[Stored data entries]

-------------------------

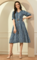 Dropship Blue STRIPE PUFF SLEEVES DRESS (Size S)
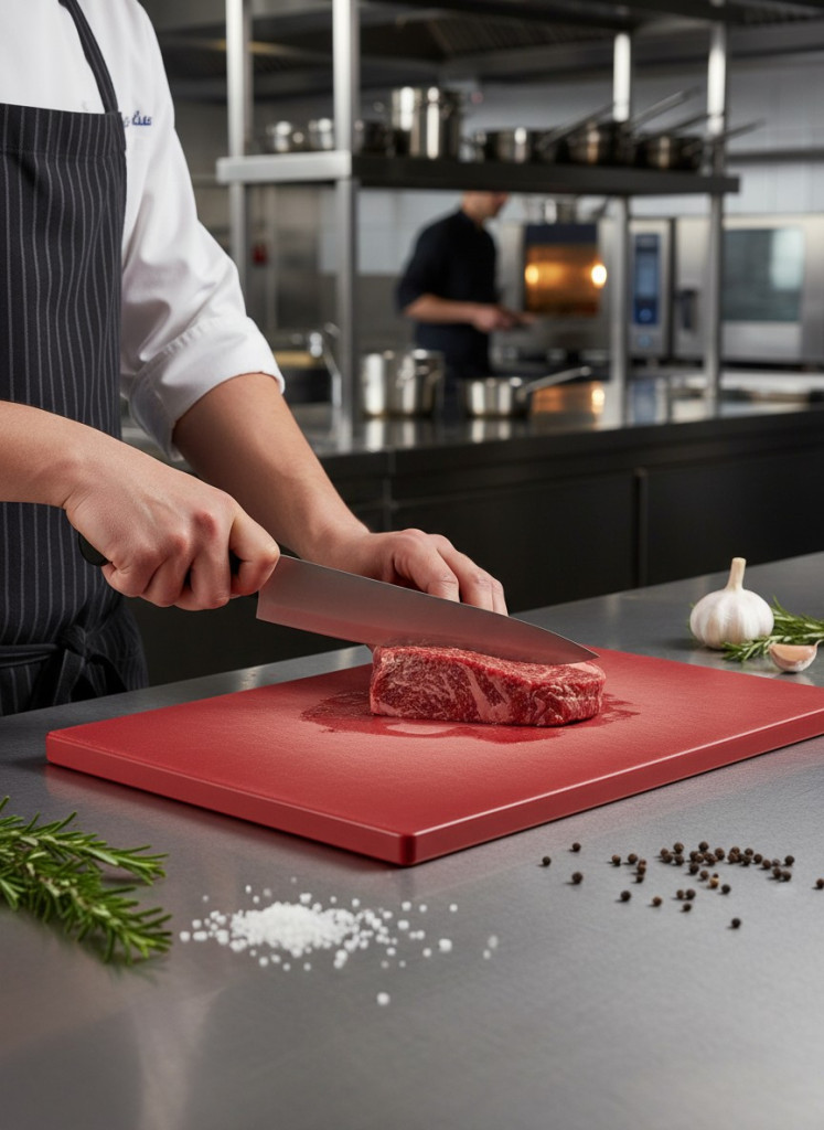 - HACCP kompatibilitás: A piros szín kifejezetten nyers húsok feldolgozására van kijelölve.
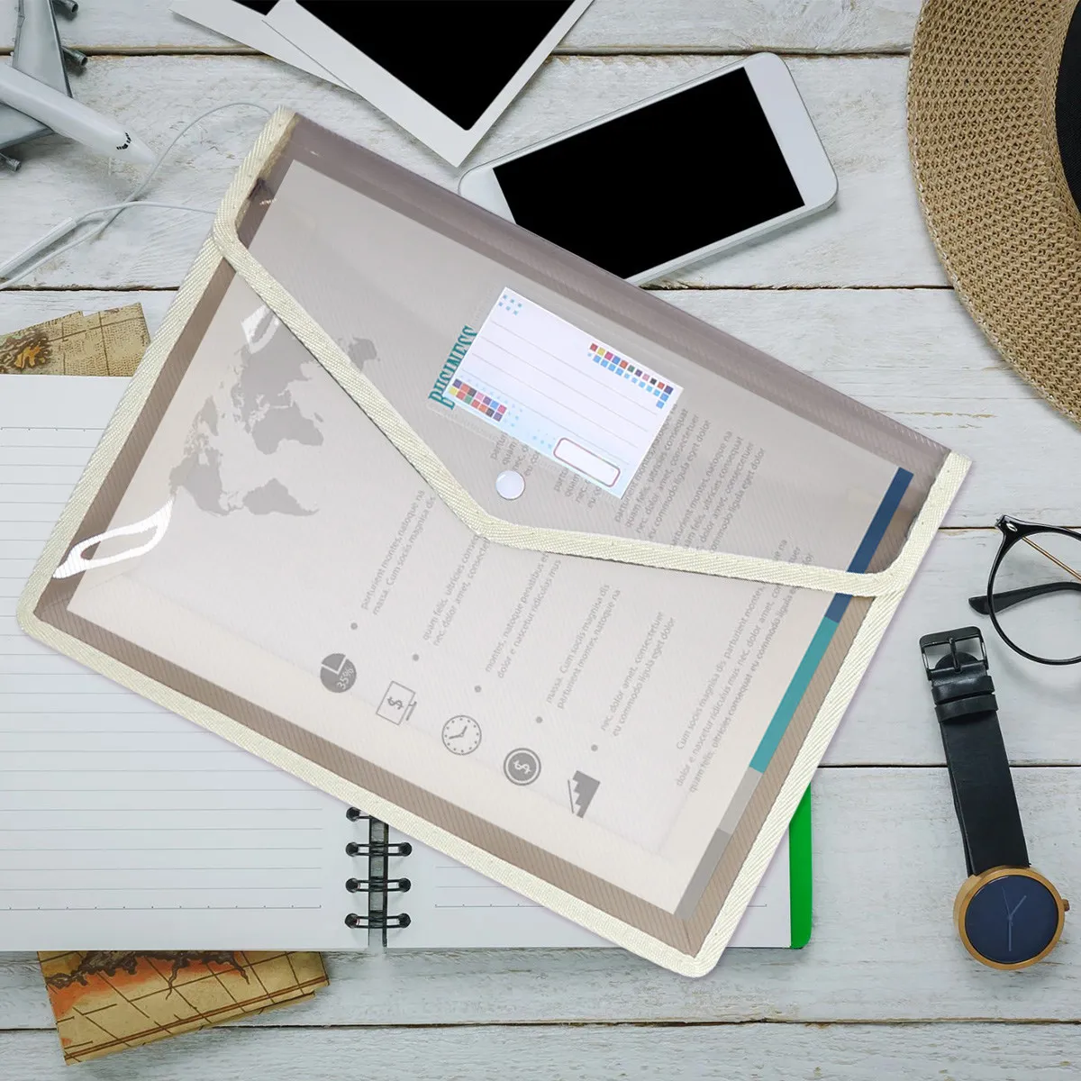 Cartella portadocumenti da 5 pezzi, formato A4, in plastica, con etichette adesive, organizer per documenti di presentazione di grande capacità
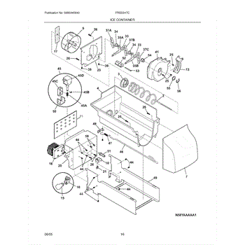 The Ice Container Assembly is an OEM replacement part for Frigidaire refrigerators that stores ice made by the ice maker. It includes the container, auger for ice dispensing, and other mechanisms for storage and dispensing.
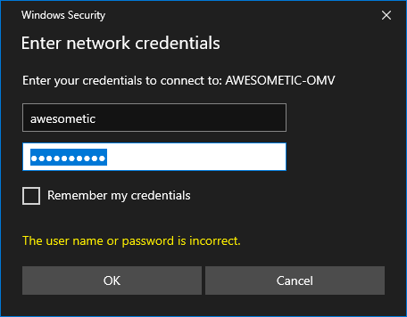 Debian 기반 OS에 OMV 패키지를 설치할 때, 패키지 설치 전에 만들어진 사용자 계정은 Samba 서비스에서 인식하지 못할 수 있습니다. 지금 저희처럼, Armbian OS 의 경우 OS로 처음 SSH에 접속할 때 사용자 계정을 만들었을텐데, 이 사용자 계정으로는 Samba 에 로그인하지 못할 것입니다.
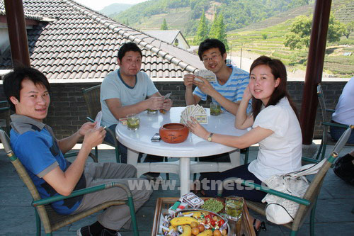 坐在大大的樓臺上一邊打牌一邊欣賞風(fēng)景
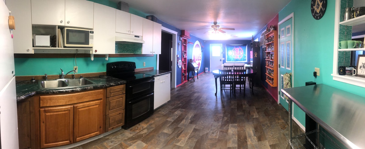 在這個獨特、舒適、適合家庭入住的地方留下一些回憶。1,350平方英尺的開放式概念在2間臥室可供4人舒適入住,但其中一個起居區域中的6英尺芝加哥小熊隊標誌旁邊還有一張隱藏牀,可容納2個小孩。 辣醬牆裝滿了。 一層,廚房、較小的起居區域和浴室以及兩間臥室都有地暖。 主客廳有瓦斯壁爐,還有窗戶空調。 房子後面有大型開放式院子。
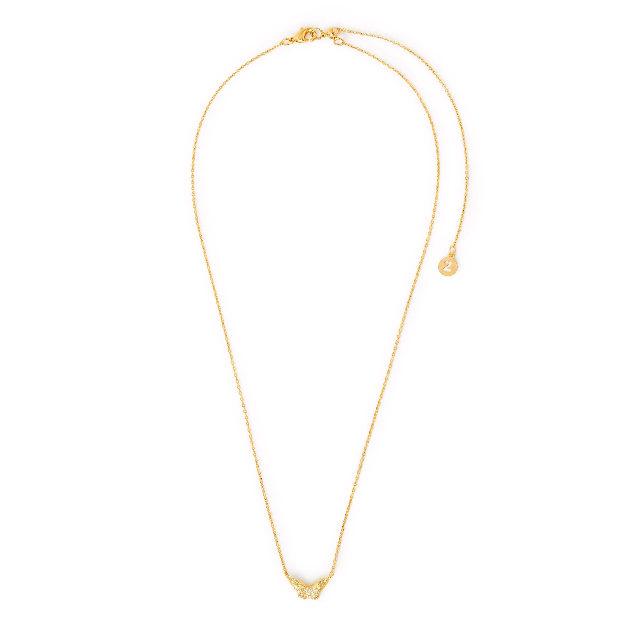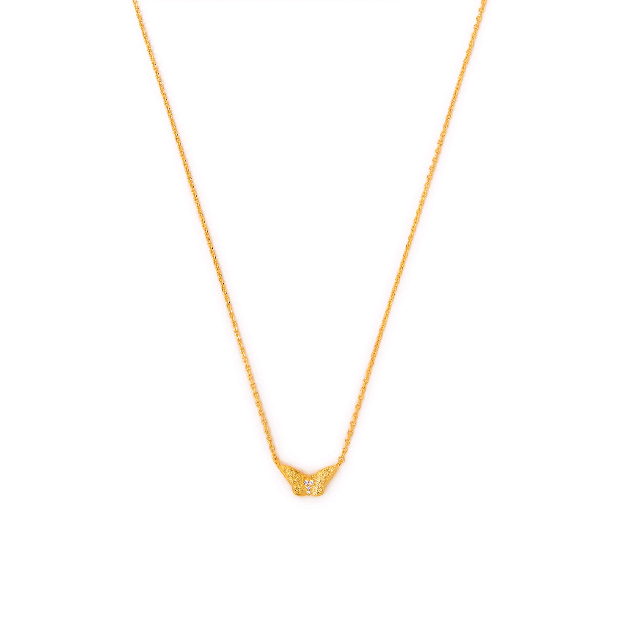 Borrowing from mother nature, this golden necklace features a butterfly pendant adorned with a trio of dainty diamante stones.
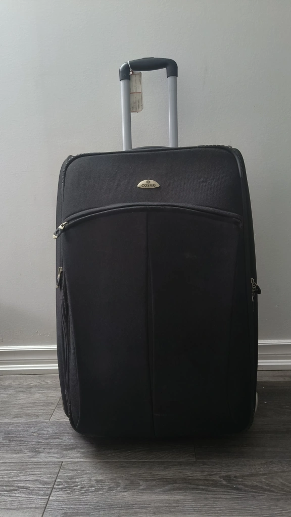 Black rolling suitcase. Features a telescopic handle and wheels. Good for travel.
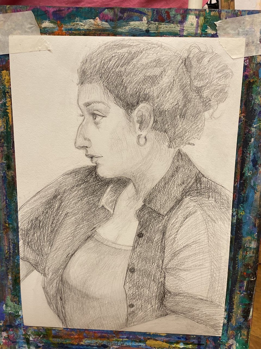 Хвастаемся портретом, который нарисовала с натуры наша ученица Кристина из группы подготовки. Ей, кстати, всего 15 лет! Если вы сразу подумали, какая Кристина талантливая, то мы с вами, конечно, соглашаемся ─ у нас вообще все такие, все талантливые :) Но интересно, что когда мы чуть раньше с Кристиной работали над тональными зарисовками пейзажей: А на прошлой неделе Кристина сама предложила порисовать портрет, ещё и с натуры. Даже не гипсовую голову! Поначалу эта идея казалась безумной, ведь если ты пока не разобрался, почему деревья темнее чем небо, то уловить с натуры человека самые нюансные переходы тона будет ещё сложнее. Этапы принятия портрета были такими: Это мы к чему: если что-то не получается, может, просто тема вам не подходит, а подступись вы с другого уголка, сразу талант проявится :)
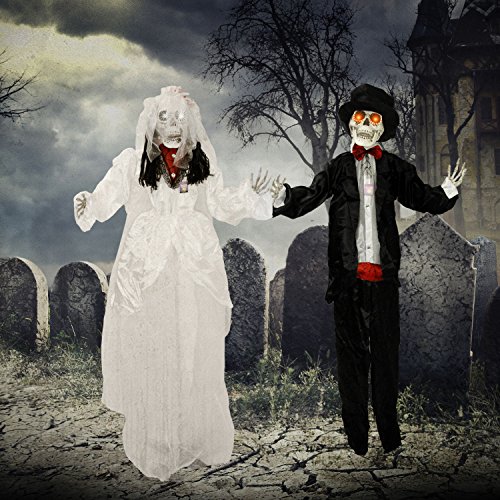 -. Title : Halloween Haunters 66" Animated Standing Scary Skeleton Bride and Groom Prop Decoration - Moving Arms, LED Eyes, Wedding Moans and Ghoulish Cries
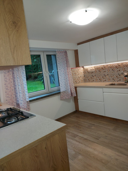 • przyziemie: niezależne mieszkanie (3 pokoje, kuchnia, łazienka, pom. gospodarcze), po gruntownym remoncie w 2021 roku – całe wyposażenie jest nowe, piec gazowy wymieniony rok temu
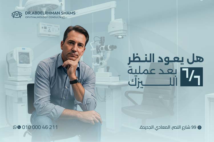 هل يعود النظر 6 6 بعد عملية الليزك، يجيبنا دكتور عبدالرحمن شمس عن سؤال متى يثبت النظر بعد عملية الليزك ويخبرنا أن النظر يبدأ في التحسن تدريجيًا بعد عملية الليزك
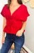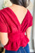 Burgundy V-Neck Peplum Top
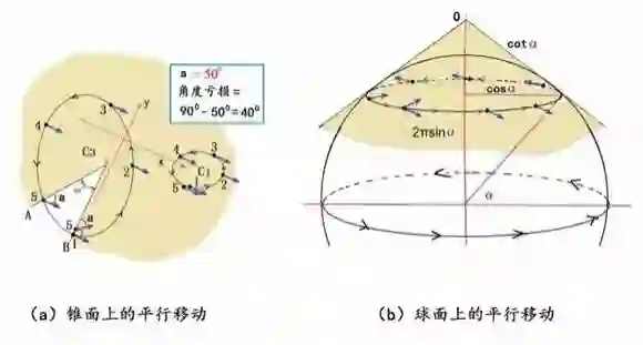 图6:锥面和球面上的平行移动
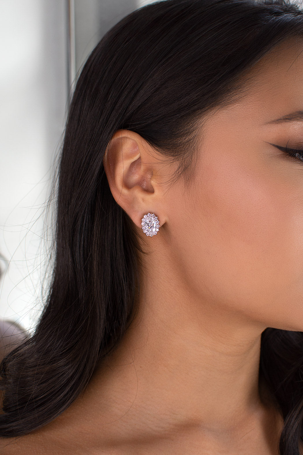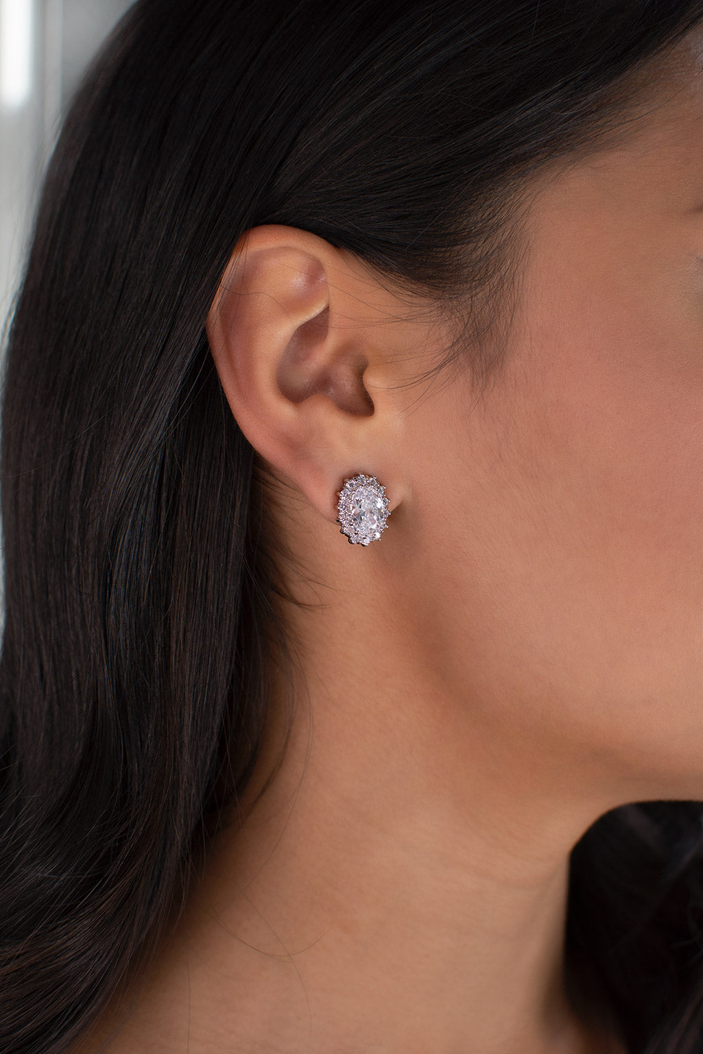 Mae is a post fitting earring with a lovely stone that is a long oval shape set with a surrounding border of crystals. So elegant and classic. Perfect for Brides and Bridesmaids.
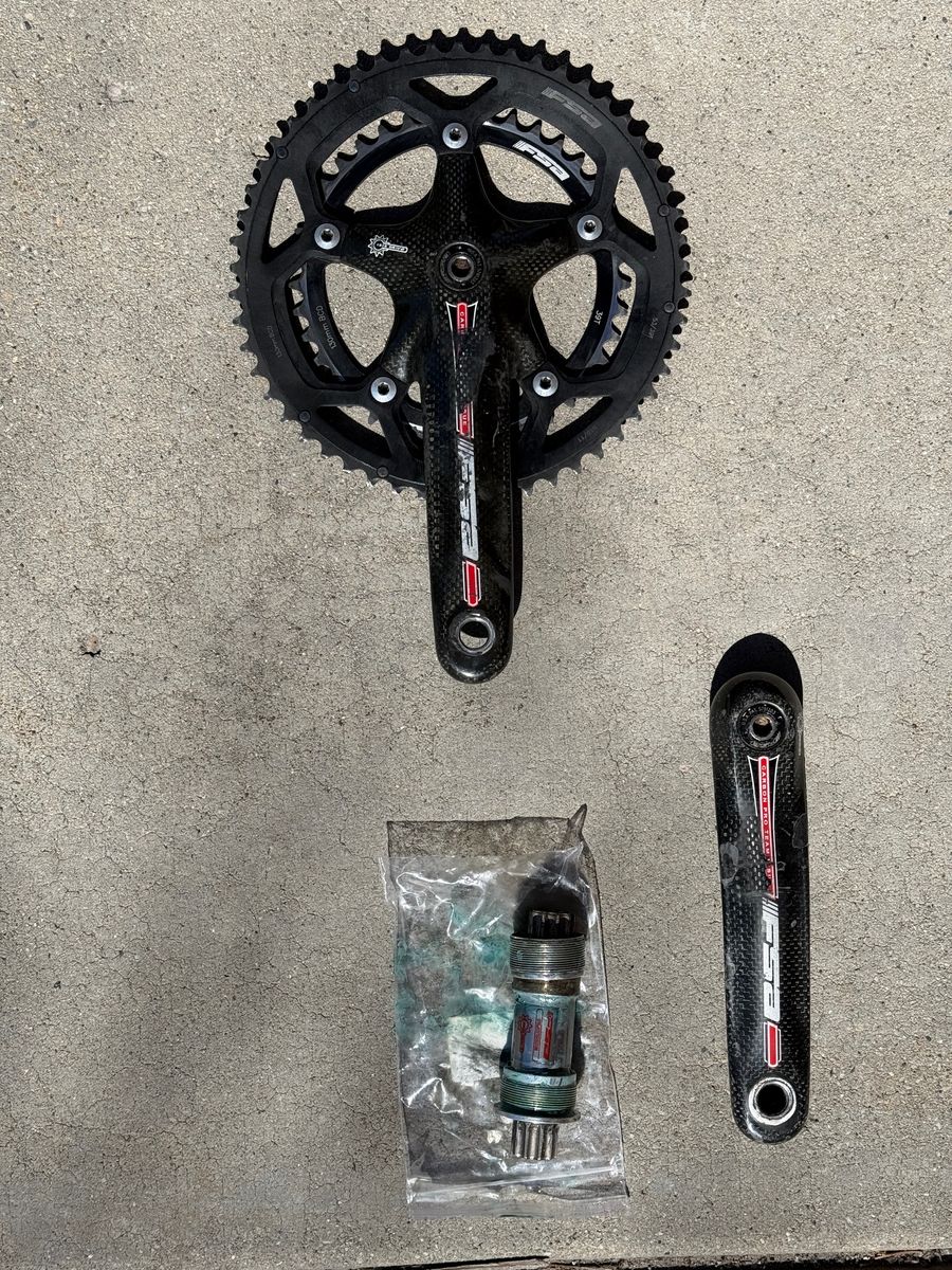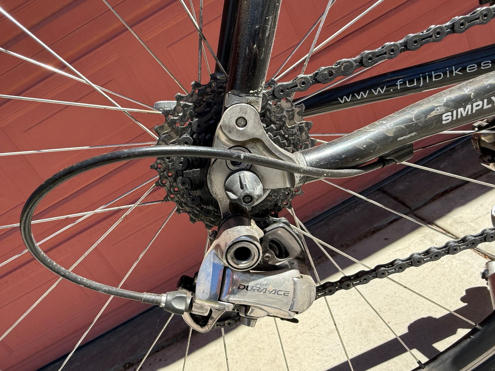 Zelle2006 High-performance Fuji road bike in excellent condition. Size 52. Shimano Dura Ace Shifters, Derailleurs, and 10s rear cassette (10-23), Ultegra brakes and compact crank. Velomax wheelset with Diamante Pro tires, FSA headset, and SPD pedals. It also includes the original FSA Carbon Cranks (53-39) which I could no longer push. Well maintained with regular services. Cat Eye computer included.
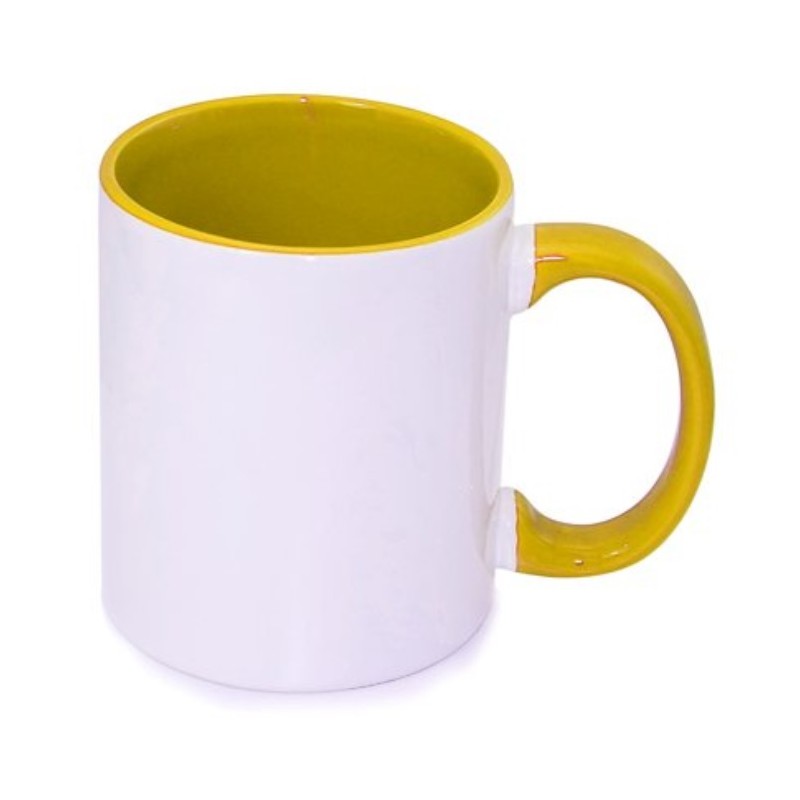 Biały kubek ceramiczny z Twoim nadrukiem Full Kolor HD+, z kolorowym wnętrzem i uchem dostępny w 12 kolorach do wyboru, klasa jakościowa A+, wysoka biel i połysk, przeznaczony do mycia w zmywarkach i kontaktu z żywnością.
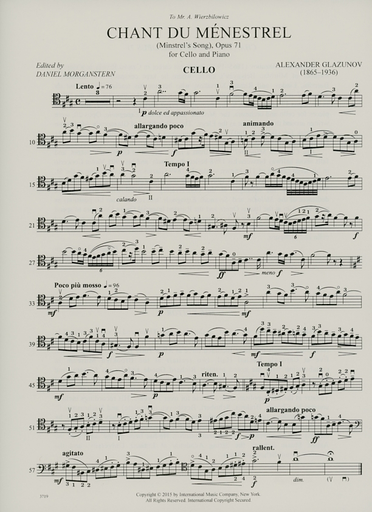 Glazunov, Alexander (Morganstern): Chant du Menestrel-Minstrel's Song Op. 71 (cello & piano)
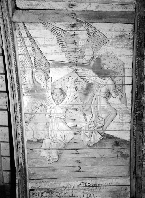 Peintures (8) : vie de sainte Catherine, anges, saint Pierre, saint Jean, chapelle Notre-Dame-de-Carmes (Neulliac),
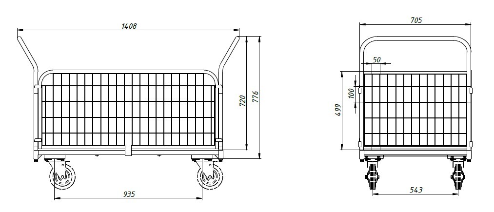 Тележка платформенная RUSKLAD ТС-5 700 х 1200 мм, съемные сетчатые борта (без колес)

-------------------------

**THE PROBLEM**
Using the data above, retype exactly and only the lines from the one containing "wymieniony rok temu" up to and including the one containing "图6:锥面和球面上的平行移动", with no pictures carried over.

**WRITTEN REPLY**
 • przyziemie: niezależne mieszkanie (3 pokoje, kuchnia, łazienka, pom. gospodarcze), po gruntownym remoncie w 2021 roku – całe wyposażenie jest nowe, piec gazowy wymieniony rok temu
 هل يعود النظر 6 6 بعد عملية الليزك، يجيبنا دكتور عبدالرحمن شمس عن سؤال متى يثبت النظر بعد عملية الليزك ويخبرنا أن النظر يبدأ في التحسن تدريجيًا بعد عملية الليزك
 Burgundy V-Neck Peplum Top
 图6:锥面和球面上的平行移动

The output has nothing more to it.